The Directorate of Industrial Health and Safety (DISH) … reacted quite differently. P. Bose, the director of DISH, stated that after a preliminary investigation, it was decided that the case did not fall within his purview. It didn’t come under the Factories Act 1948 as Kavimeena Rubber Products employed less than ten people and the incident happened outside the manufacturing premises. It also wasn’t covered by the Building And Other Construction Workers (Regulation Of Employment And Conditions Of Service) Act, 1996, because – again – more than ten workers were required for the Act to apply as well as the fact that the cost of construction had to be more than ten lakh rupees.
An inspector-cum-facilitator abiding by risk-based protocols and time limits may never see the full picture of a fragmented workforce and may lack both the mandate and the institutional backing to piece it together. In the event of a serious injury or death, thus, principal employers and contractors can still argue over who — if anyone — had a direct employment relationship with the worker and whether the work even fell within the categories the codes explicitly regulate.
Finally, in the Ministry’s announcement, there are paragraphs on beedi rollers, plantation workers, media workers, mine workers, IT staff, dock workers, and export units — but no discussion of sanitation workers employed through layers of contractors and others who perform tasks that often amount to manual scavenging by another name, and where deaths are frequent.
For these workers, the concerns are still whether the principal employer can keep them off the books and whether inspectors and courts will push past the chain of contracts to fix liability on those who control the work and profit from it. The codes contain some tools that could help — e.g. treating workers supplied by an unlicensed contractor as if they were directly employed by the principal employer — but the communique overall only highlights more general welfare themes.

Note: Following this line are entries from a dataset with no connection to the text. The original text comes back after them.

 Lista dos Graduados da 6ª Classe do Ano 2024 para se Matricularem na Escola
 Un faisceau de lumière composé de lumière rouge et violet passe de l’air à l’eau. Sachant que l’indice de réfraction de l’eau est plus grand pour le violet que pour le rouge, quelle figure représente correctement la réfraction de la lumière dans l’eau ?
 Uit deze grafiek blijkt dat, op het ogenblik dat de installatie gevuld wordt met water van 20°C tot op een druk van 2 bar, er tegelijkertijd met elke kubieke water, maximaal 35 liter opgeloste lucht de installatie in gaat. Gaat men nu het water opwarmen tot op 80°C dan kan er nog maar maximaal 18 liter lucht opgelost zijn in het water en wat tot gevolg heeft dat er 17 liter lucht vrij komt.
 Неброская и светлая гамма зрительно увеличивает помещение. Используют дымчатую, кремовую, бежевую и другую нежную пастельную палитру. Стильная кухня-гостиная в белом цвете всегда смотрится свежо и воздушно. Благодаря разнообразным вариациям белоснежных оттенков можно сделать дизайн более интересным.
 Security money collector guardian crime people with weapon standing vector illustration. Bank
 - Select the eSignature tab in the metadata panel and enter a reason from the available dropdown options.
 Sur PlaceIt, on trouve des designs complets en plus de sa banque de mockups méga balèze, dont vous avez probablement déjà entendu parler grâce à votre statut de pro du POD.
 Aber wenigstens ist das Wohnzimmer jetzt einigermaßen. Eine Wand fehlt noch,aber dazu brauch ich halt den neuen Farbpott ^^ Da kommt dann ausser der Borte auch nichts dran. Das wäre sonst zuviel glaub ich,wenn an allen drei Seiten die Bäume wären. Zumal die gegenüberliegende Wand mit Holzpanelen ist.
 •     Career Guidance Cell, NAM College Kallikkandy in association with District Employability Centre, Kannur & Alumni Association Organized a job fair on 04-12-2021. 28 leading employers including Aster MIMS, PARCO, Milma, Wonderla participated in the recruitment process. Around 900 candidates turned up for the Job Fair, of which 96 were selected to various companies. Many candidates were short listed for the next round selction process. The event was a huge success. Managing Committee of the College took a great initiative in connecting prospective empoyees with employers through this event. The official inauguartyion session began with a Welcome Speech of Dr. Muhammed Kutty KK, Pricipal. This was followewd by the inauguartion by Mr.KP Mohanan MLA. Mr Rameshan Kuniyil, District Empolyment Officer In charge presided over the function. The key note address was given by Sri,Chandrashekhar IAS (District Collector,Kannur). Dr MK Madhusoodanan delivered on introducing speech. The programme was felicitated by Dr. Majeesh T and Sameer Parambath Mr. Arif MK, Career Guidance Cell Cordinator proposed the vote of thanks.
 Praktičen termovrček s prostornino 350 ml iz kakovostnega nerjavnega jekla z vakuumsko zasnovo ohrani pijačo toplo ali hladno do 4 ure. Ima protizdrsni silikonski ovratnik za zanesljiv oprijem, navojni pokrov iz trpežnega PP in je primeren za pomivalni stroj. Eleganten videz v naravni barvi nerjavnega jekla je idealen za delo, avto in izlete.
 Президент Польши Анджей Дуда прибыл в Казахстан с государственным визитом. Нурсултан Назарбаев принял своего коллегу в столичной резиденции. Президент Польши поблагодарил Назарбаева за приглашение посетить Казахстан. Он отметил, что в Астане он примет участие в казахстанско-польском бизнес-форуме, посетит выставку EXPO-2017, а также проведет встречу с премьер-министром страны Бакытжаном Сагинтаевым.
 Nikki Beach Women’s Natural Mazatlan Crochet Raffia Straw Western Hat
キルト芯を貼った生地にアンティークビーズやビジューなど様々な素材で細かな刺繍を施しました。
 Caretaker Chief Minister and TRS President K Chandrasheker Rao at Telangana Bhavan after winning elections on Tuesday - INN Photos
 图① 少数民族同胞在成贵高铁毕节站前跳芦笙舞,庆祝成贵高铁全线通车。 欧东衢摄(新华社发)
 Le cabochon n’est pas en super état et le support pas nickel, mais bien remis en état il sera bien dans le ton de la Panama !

Indian labour law has long been more protective than practice on the ground would suggest. The codes plug some genuine gaps, update definitions, consolidate a mosaic of statutes, and extend certain obligations. But for informal workers or those working in small, unregistered units, reform continues to depend on whether employers and contractors are registered at all, whether inspectors have the mandate and capacity to look beyond paperwork, and whether state governments choose to use the discretion the codes give them to broaden coverage.